• What needs to be done: Would you please repeat, word for word, only the lines from the one holding "где δ1, δi-1" through the one holding "Create A full" in the material below, without the pictures?

• Excerpted data:
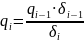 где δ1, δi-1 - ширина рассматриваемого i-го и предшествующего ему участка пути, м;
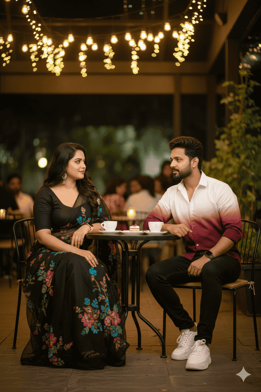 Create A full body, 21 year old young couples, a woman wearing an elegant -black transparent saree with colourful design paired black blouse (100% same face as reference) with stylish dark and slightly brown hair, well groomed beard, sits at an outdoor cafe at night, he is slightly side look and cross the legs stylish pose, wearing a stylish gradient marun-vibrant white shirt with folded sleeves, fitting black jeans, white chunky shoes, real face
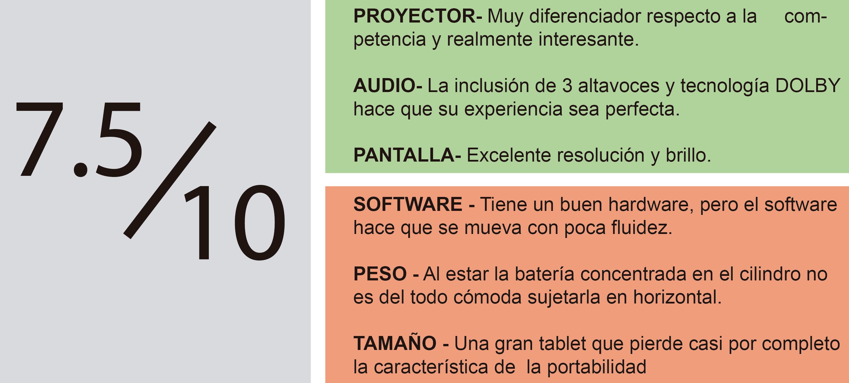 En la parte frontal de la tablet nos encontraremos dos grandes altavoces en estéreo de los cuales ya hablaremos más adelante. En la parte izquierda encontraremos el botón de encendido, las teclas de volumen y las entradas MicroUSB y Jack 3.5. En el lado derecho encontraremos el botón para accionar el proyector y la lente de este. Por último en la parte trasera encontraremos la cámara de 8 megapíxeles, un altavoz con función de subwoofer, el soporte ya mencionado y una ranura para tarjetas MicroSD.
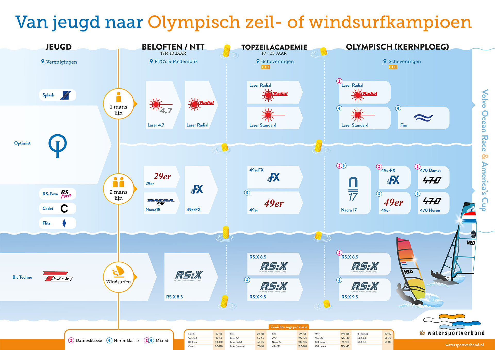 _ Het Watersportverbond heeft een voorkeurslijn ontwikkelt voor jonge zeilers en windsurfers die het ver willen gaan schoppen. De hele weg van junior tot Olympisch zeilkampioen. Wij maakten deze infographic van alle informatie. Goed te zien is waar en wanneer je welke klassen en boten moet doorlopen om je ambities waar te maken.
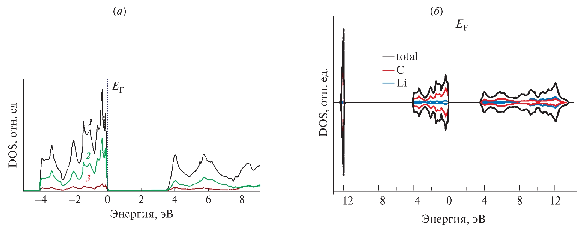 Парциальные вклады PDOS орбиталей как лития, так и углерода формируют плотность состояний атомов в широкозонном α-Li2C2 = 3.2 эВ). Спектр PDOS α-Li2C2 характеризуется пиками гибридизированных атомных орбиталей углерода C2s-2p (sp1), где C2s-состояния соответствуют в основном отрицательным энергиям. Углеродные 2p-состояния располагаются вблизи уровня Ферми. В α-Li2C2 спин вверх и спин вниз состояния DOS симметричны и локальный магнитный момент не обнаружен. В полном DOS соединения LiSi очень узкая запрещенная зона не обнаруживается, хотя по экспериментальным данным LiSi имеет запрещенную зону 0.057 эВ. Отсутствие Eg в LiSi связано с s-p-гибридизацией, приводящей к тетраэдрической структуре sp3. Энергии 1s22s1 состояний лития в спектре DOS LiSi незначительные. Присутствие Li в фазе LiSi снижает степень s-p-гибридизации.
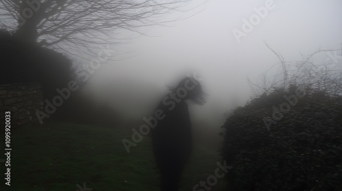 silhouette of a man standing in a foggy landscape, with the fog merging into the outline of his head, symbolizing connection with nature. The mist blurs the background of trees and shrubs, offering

---

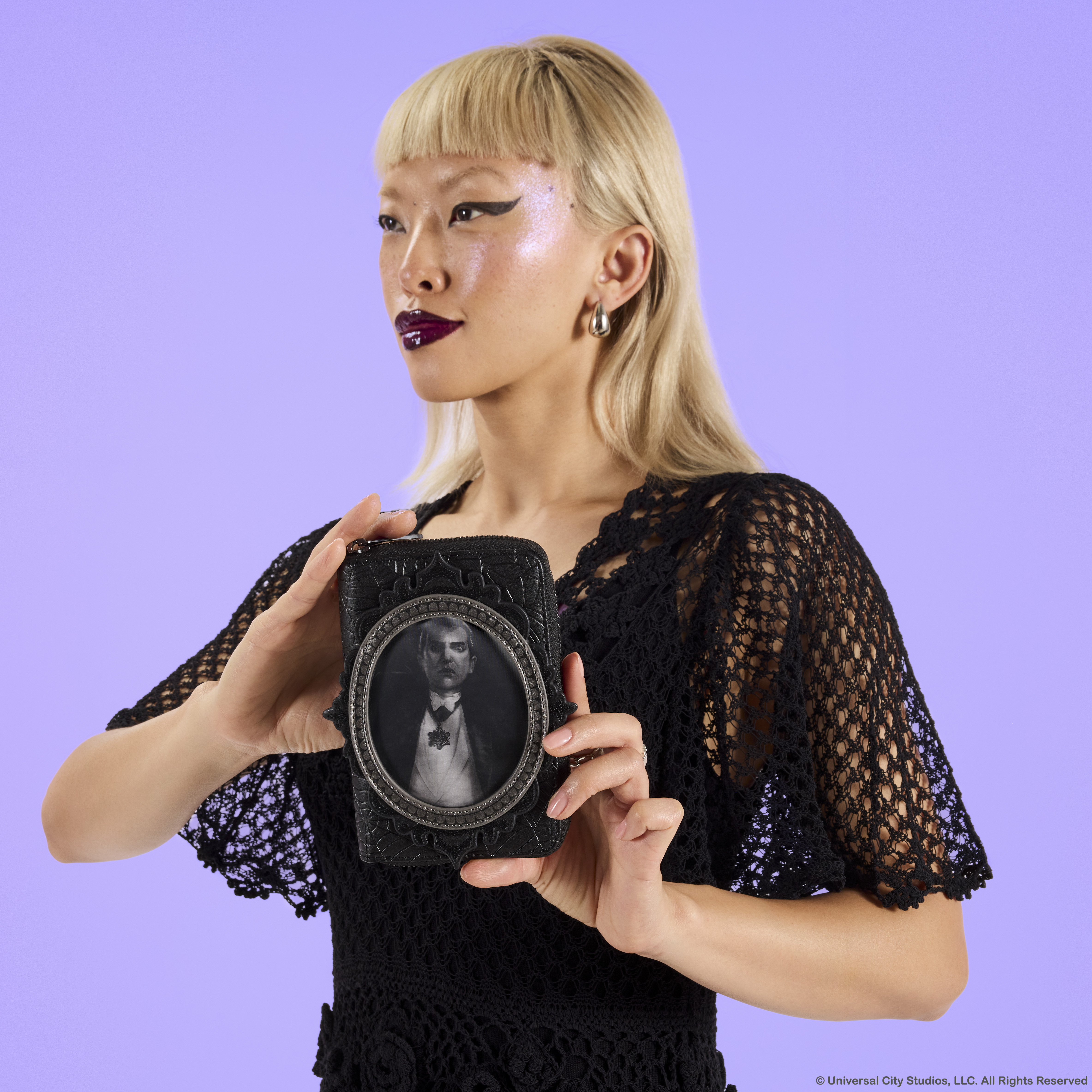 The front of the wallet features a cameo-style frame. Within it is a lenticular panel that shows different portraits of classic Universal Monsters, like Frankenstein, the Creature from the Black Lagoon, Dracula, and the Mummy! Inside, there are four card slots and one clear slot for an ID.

• Solution:
 где δ1, δi-1 - ширина рассматриваемого i-го и предшествующего ему участка пути, м;
 Create A full body, 21 year old young couples, a woman wearing an elegant -black transparent saree with colourful design paired black blouse (100% same face as reference) with stylish dark and slightly brown hair, well groomed beard, sits at an outdoor cafe at night, he is slightly side look and cross the legs stylish pose, wearing a stylish gradient marun-vibrant white shirt with folded sleeves, fitting black jeans, white chunky shoes, real face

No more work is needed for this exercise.